The feature discussed in this article is getting a new look! This article will be updated in June 2019 to reflect changes in Oncrawl.
Is Google flagging duplicate content on your site and not accepting the canonical URLs you’ve put in place? This can often happen when you’ve correctly dealt with only part of a set of pages that can be seen as duplicates.
With this walk-through of how Oncrawl processes and reports on pages that can be classified as duplicate content, we hope you’ll gain a new way of looking at how to manage duplicate content on your website. It’s quick to set up: all you need is a crawl. And it’s quick to analyze: you need to be able to identify stoplight colors, and judge relative sizes of rectangles.
Analyzing duplicate content with Oncrawl
In addition to flagging on-page duplicate issues, such as reused titles, descriptions, and H1s, Oncrawl measures the level of similarity of all of the pages it crawls. Oncrawl uses the Simhash algorithm to establish page similarity, the same way Google does.
Pages that are somewhat similar are grouped together. We call this group a cluster of pages with duplicate content. Within a cluster, all pages are similar to one another. Here is a representation of one cluster with 3 pages in it:
Then, Oncrawl presents all of the clusters in the same chart. The bigger the rectangle in this graphic, the more pages in the cluster :
Finally, Oncrawl matches the cluster to your use of canonical URLs. Canonical declarations are one way of signaling to Google that you’re aware that content is similar, and which of the similar pages is intended to be the most authoritative version.
Each cluster is colored based on the analysis:
- Green: all of the pages in the cluster list the same canonical URL.
- Orange: not all of the pages in the cluster list the same URL. Some declarations may be mission, or some pages may list different canonical URLs than others.
- Red: no canonical URL is set.
This lets you quickly judge whether your strategy for managing duplicate content is adequate or not.
The slider at the top of the graphic helps you narrow down the view to only clusters of a specific size.

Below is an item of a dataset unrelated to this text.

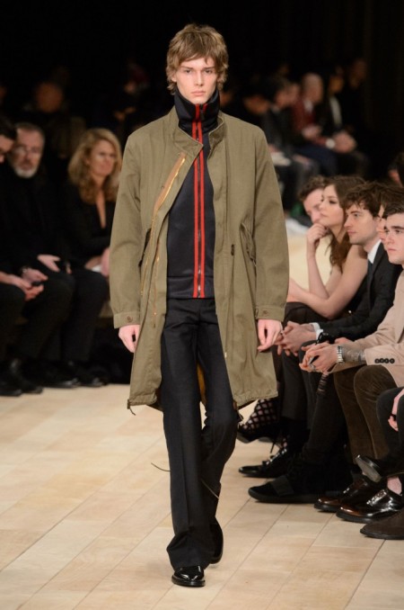 Burberry took embraced a military style motif for its fall-winter 2016 menswear collection. Juxtaposing formal and casual elements, sharp tailored outerwear was mixed with a cheeky take on the tracksuit. Adding a splash of glitz, several tracksuits had sequined embellishments.

You can use a slider to filter out clusters whose average similarity you’re not interested in. For example, you can concentrate on only clusters with a similarity of more than 80%.
What to do about duplicate content on your site
Evaluating your duplicate content management
Most sites will need to use a combination of the following three strategies to effectively manage duplicate content. Here are a few clues to spotting a well-implemented strategy.
Managing duplicate content by differentiating between pages: page content is modified so that the pages no longer appear similar.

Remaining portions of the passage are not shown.